2. The facts, in brief, may be
noticed. The petitioners have claimed that on 28.12.1973, the Himachal Pradesh
Education Department Service Rules, 1973 came into existence and dealt with the
recruitment and promotion rules for Trained Graduate Teachers (TGT). The
petitioners were appointed as Vidya Upasak and regularized as JBT Teachers. It
has not been disputed that all the petitioners were regularised as JBT Teachers
and fulfilled the criteria of two years regular service for being considered as
TGT as on 21.10.2009. It is claimed that that respondents conducted a D.P.C. in
July 2009 on the basis of two years criteria of regular service as JBT Teacher
for promotion as TGT teacher and accordingly made promotions of those JBT
(Medical) teachers who were regularized in 2007 and JBT (non‐medical)

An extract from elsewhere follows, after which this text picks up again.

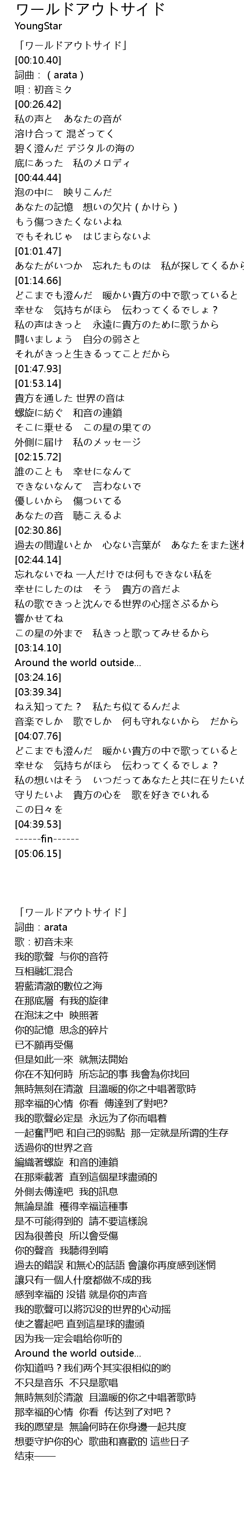 | [00:00.00] | 「ワールドアウトサイド」 |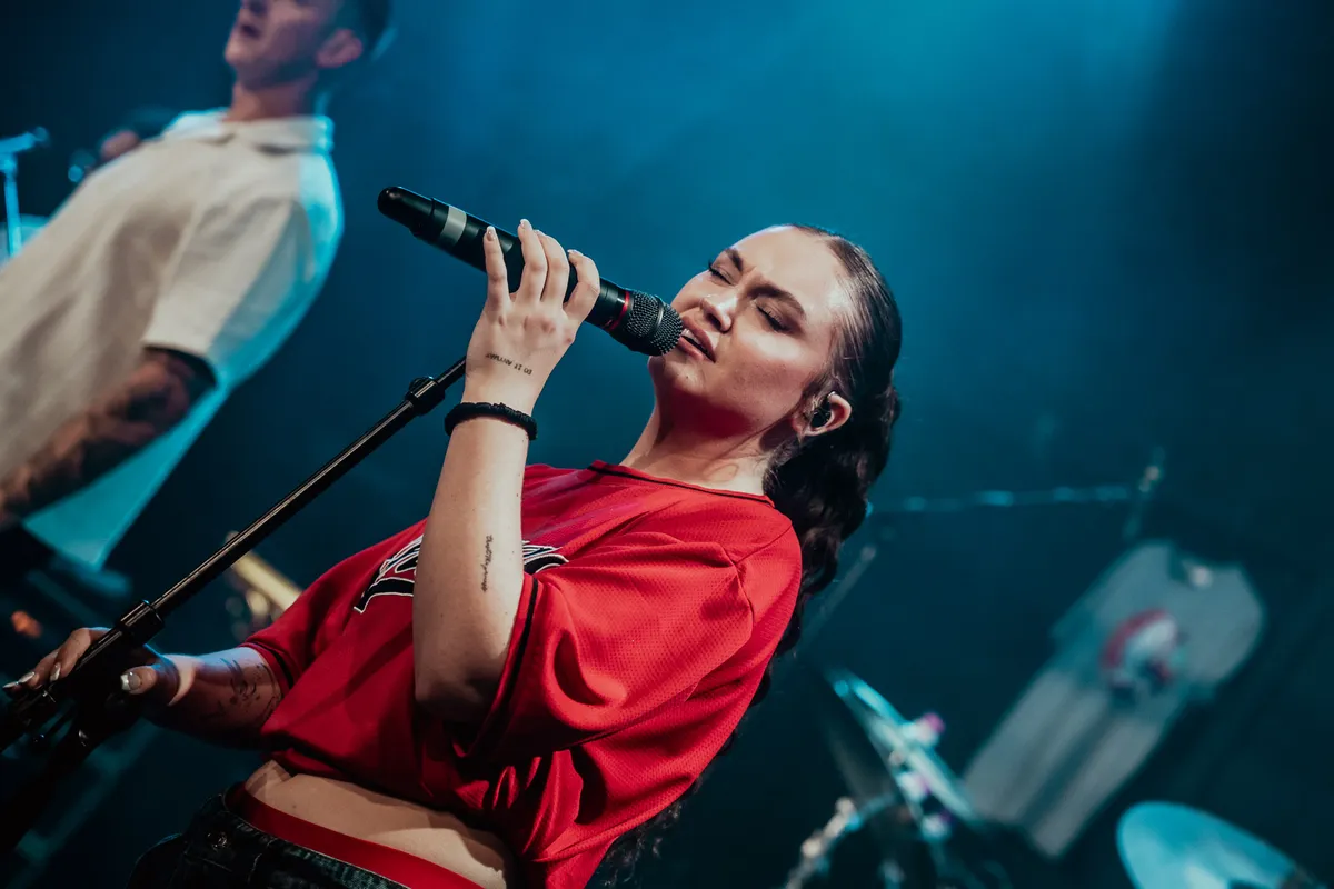 De energie die bij de eerdere act te voelen was is bij de Grote ook herkenbaar. Door de goedgetrainde stem van zangeres Daya Hendrix en de keyboardklanken van toetsenist Resin Sminia klinkt hun sound echter iets persoonlijker, meer down-to-earth. In nummers als 'Alleen Voor Mij' en 'Altijd' komen die aspecten goed naar voren, zo goed zelfs dat een aantal leden in het publiek de zaklampen van hun telefoons heen en weer zwaaien. Terwijl in het nummer 'Niet Dat Ik Het Zie' er door gitarist Marijn Walraven een langdurige, funky solo gespeeld wordt, is er in hun meest gestreamde lied 'Kijk Mij Eens Aan' meer ruimte voor het popgedeelte. De band kan eenvoudig switchen hierin en hebben er kennelijk lol mee.

teachers, who regularized in January 2006. It is the specific case of the petitioners
that they were regularized in 2007 and were eligible for the post of TGT, yet
the respondents did not consider the names of the petitioners in spite of the
fact that posts were available with them.
3. On 22.10.2009, the Himachal
Pradesh Education Service Rules, 1973 were amended and the condition for
promoting the JBT Teachers as TGT was extended from two years to five years. On
16.7.2011, the rules were further amended and a condition of minimum 50% marks
in graduation was inserted. Yet again, on 31.5.2012, the rules were amended,
wherein the condition of Teacher Eligibility Test (TET) has been made
compulsory for promotion as TGT (Medical).
4. The respondents‐
State to counter the claim of the petitioners have made the following
averments:
“That firstly, claims of the
petitioners that while conducting DPC during the year 2009 they have not been promoted
as TGT whereas they were eligible as per Old Recruitment and Promotion Rules.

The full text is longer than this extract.